Thursday, May 09, 2013

Buying Power

Ever buy a pair of Kirkland Signature™ jeans? Or Kirkland anything? If you have, and it wasn't stolen, you did it at Costco, since Kirkland is their house brand. (Name comes from the city in WA where Costco had its HQ for a year or so, back in the day.)

Sears does this: Craftsman, J.C. Higgins, Kenmore. Monkey Wards did before they went belly up. Rite Aid does it. Safeway. K-mart. Kroger. Others. 

How it works is, the store chain partners with a big manufacturer and gets a product that is the same as, or similar to, a nationally-known brand, but with their house label on it. Without the cachet of the brand name, the product can be and is sold for a big discount. 

The Rite Aid™ pre-electric shave looks an awful lot like Williams Lectric Shave™ but costs a couple-three bucks less. The only difference of any note is the label. What does that tell you?

This is a good deal for the store, the maker, and the consumer, and what it tells you? That a whole lot of stuff is way overpriced, since if you can get it at a big discount and they still make a profit, well, there you go. 

Brings us back to Costco. I'm picking up my new hearing aids today. They are spendy things, but because of Costco's buying power, they cost about 57% of what they would if I bought them retail in a small audiologist's shop. It's easy enough to check the numbers.

So if you are plunking down two grand at Costco, it buys you what $3500 does at the little hearing aid shop at the mall. You get the same tests by a certified audiologist, and that ratio is pretty close across the board in this area.

I don't begrudge those folks their living, but if you are already spending a couple grand on a  medical toy that insurance doesn't cover, that can get expensive in a hurry. 

Costco, depending on whom you ask, is either the #1 or #2 purveyor of hearing aids in the country. Figures are rubbery, but they apparently sell somewhere between half a million and a million dollars worth of the little amplifiers every day, through a chain of several hundred stores. When you have that kind of number to bring to the table, people who make these things sit up and listen. You want to hook up with us? Where do we sign?
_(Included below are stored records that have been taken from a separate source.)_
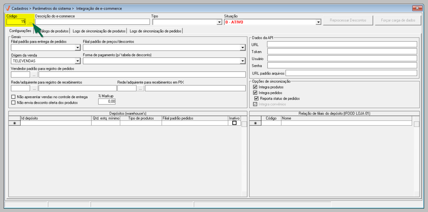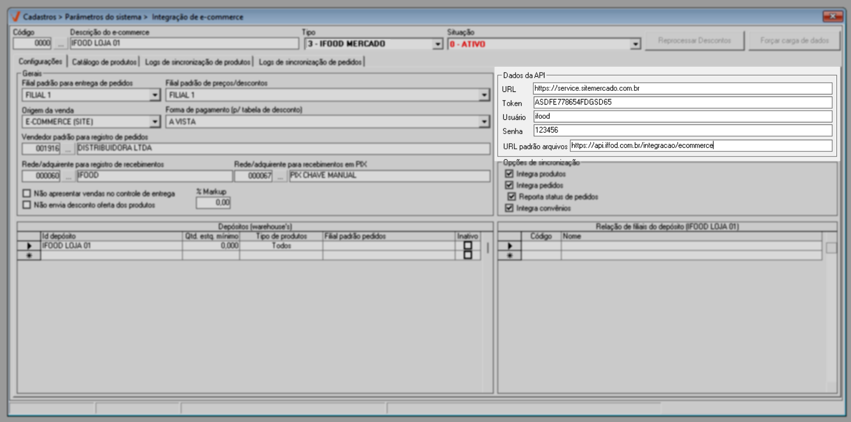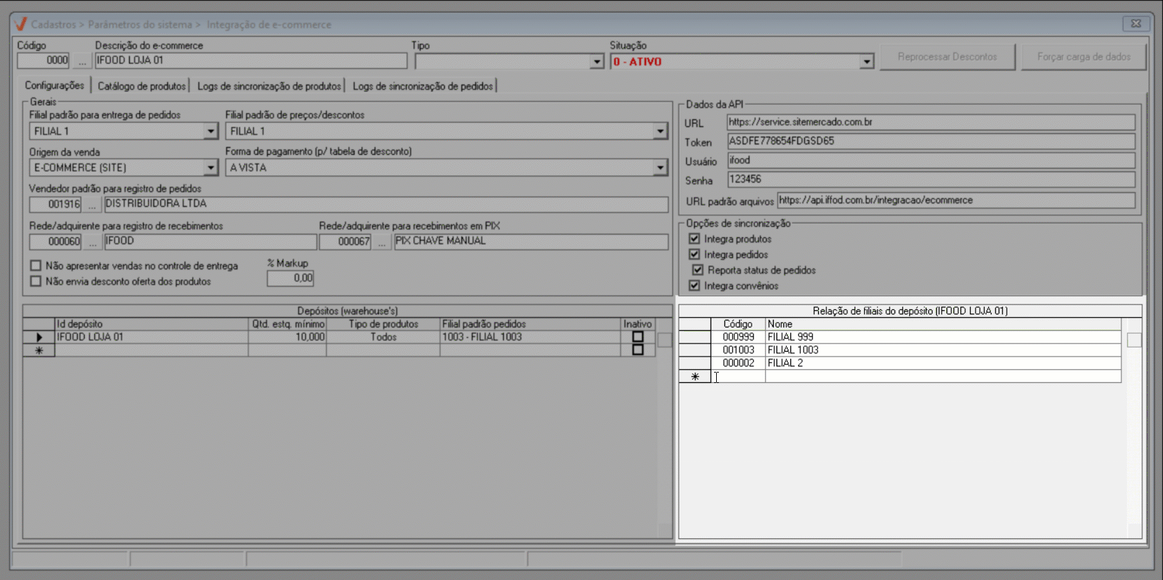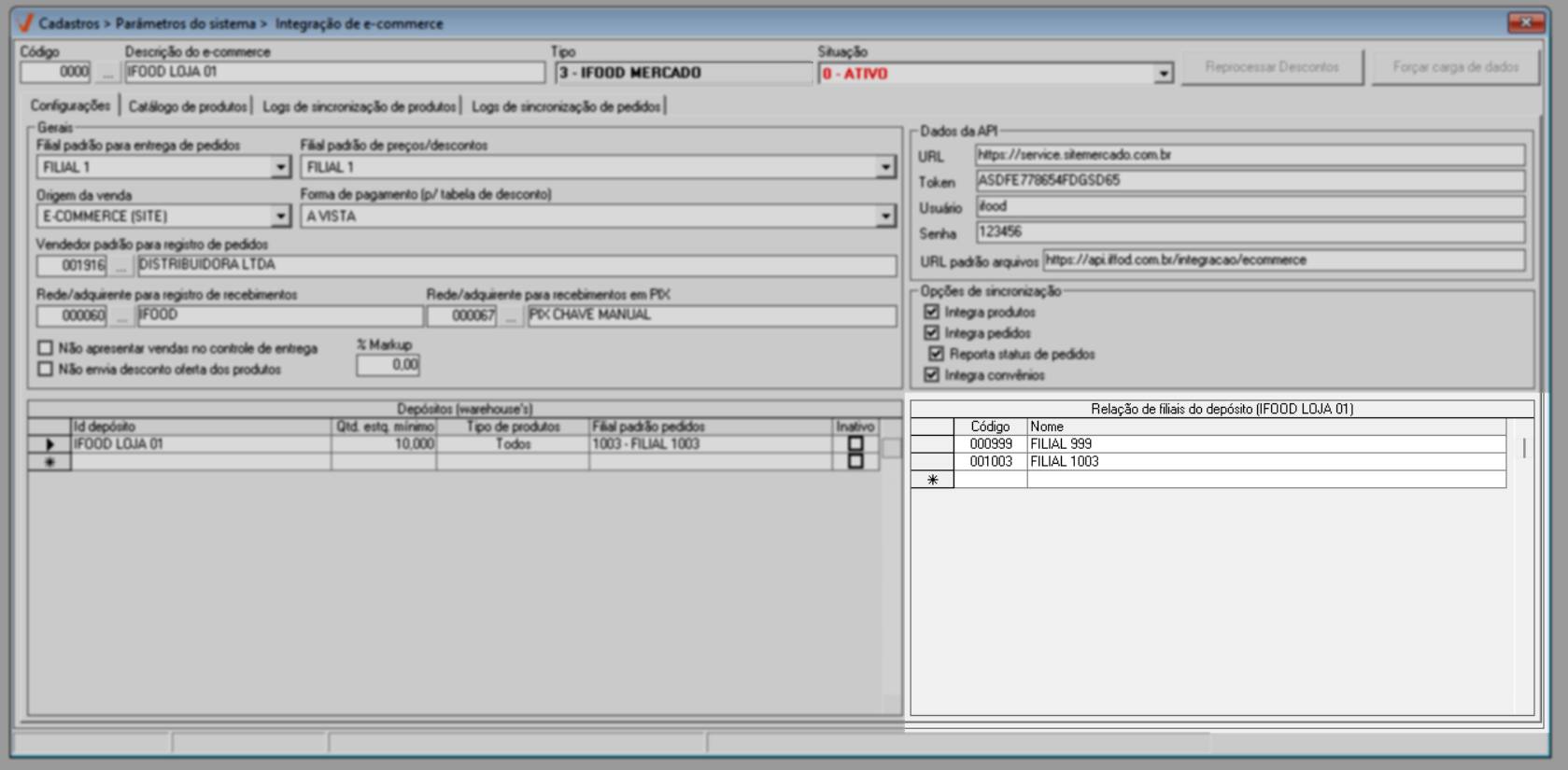 A integração é realizada por loja, ou seja, as configurações devem ser realizadas para cada filial que irá utilizar o serviço de e-commerce.
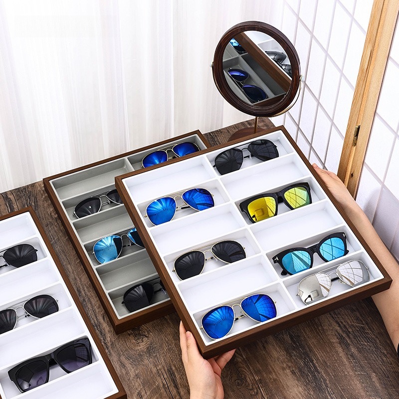 黒胡桃色18格子眼鏡展示棚眼鏡カウンター棚サングラスサングラス直播出店陳列皿
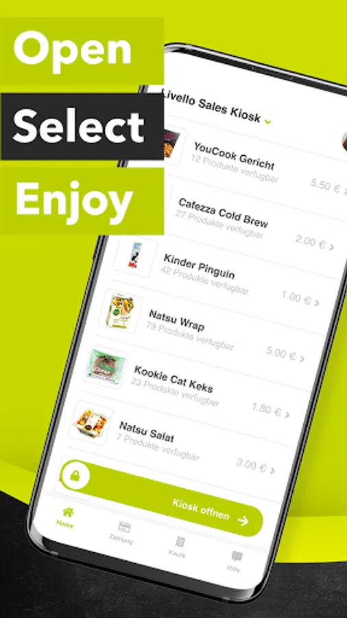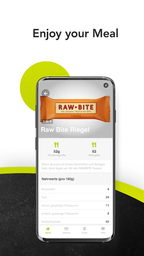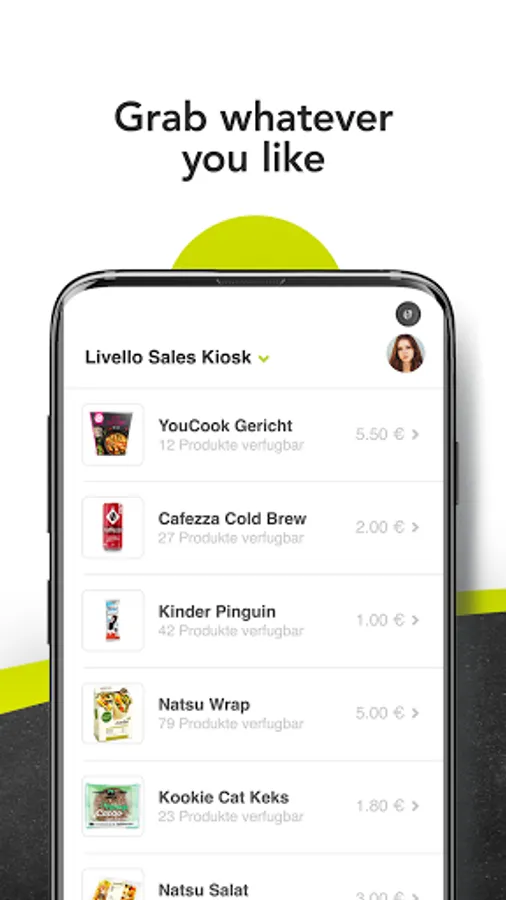 The Hungy Club app shows you at any time of the day which delicious and balanced dishes are waiting for you in your smart kiosk.
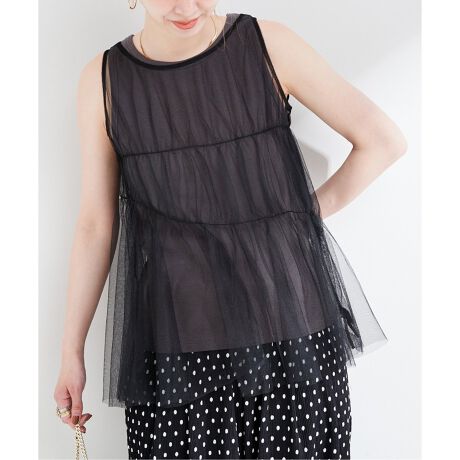マルイウェブチャネル   /   ベーセーストック   /   トップス   /   タンクトップ   /   《2点セット》ウォッシャブル / 手洗い可 / チュールトップス+タンクセット
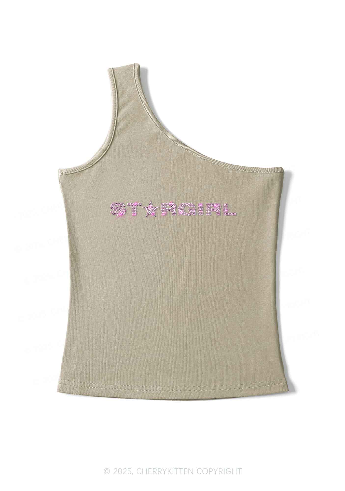 Rhinestone Red Stargirl Y2K One Shoulder Tank Top Cherrykitten
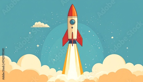 © zerogami, Fototapeta premium Cartoon rocket ship launching from clouds into a starry sky with illustration.
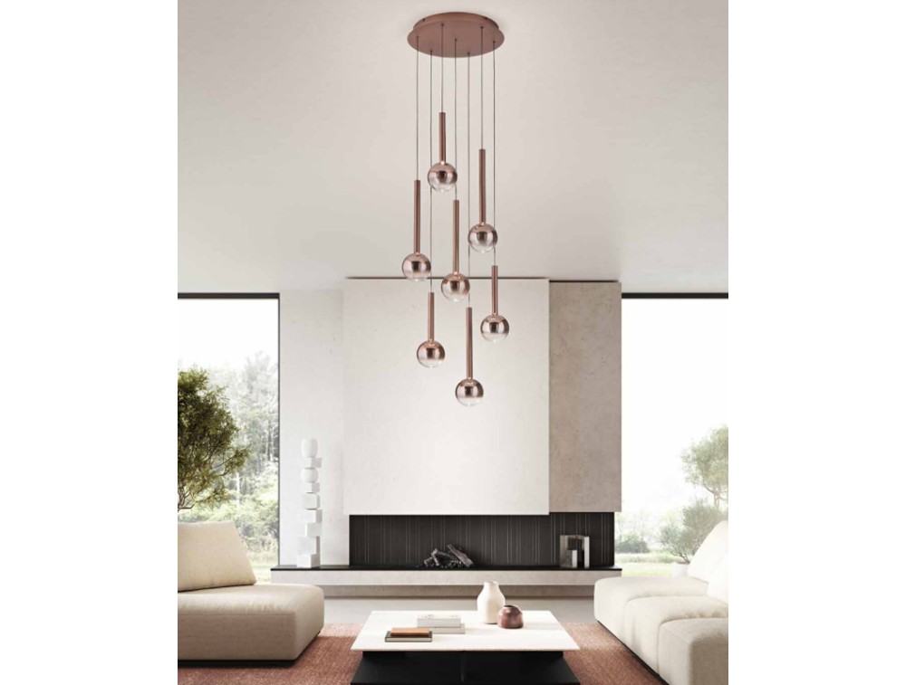 Sospensione led in metallo verniciato e vetro soffiato. Disponibile nella versione singola o multipla. Cavetti regolabili in lunghezza. Sospensione multipla dimmerabile. Perfetta per ingressi o saloni con soffitti molto alti, poiché riempie il vuoto visivo senza risultare pesante grazie alla trasparenza delle sfere. Ideale per arredare e illuminare cucina, salotto e camera da letto. Disponibile nelle finiture oro, marrone e nero con diffusori a forma di sfere sfumate.

There are, according to the estimate I read, 35 million people in the U.S. who currently need hearing aids, but only about nine million people actually have them. Big market out there, and the rock generation, the punk generation and the MP3 generation are all going to need 'em eventually because of their sins. Listen, these days I wear shooting headphones when I run the weed eater, the leaf blower, the vacuum cleaner and even the blender to help preserve what I have left. Loud noises kill your hearing. Trust me here.

My new bat-ears don't bear the Kirkland Signature™ label,, mine are from a major maker, with a model name that is exclusive to Costco. You can buy the brand elsewhere, but you can't get that model. Not that I really care what name is on it, but for folks who, for some reason, don't want the house brand, they can get the price cut without it. 
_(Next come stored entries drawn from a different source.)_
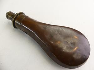 19th century copper brass powder flask, length 8"
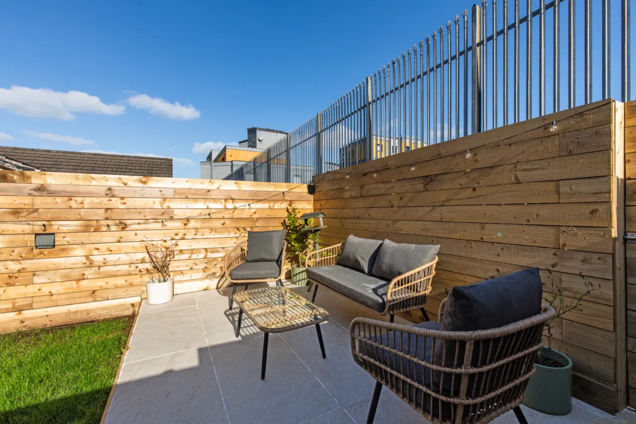 Gardens to front and rear in enclosed gardens laid out in lawn, stone paved path and feature raised patio, venetian style fencing to rear, outside light, outside water tap, access to rear for pedestrians, outdoor power socket.
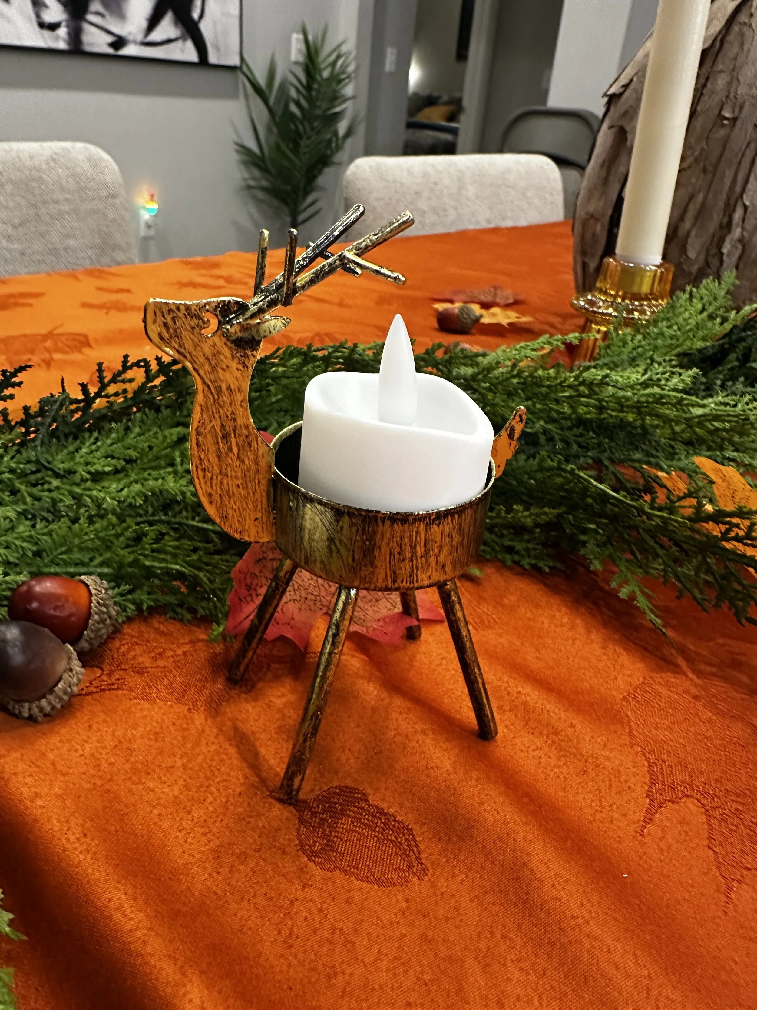 I layered faux greenery, fall leaves, acorns, pumpkins, and candles down the center of the table. I used gold-trimmed plastic plates, goblets, and thick disposable napkins that still felt elevated without creating more cleanup at the end of the night.

Now if we can get meds and medical care on this model ...


Kris said...

Reminds me, in a way, of this piece:

True, the Costco thing is more economy of scale related, but the price gap is still staggering.

steve-vh said...

My wife works for over the counter pharmacuetical manufacturer. manf and label same stuff for all the same walmarts, walgreens, ect. No diff in product. But we get to shop at the company store for 1/10 the retail price!

Cliff said...

It's an example of price segmentation. The best explanation I ever read on the topic was this one.

It's software-centric (that's his audience), but the concepts have stuck. If you don't do that, you don't make as much money.

Interestingly, some businesses don't sell to house brands, and are proud of it. I believe Listerine still writes on the back of their bottles that they don't sell to any stores as store brands.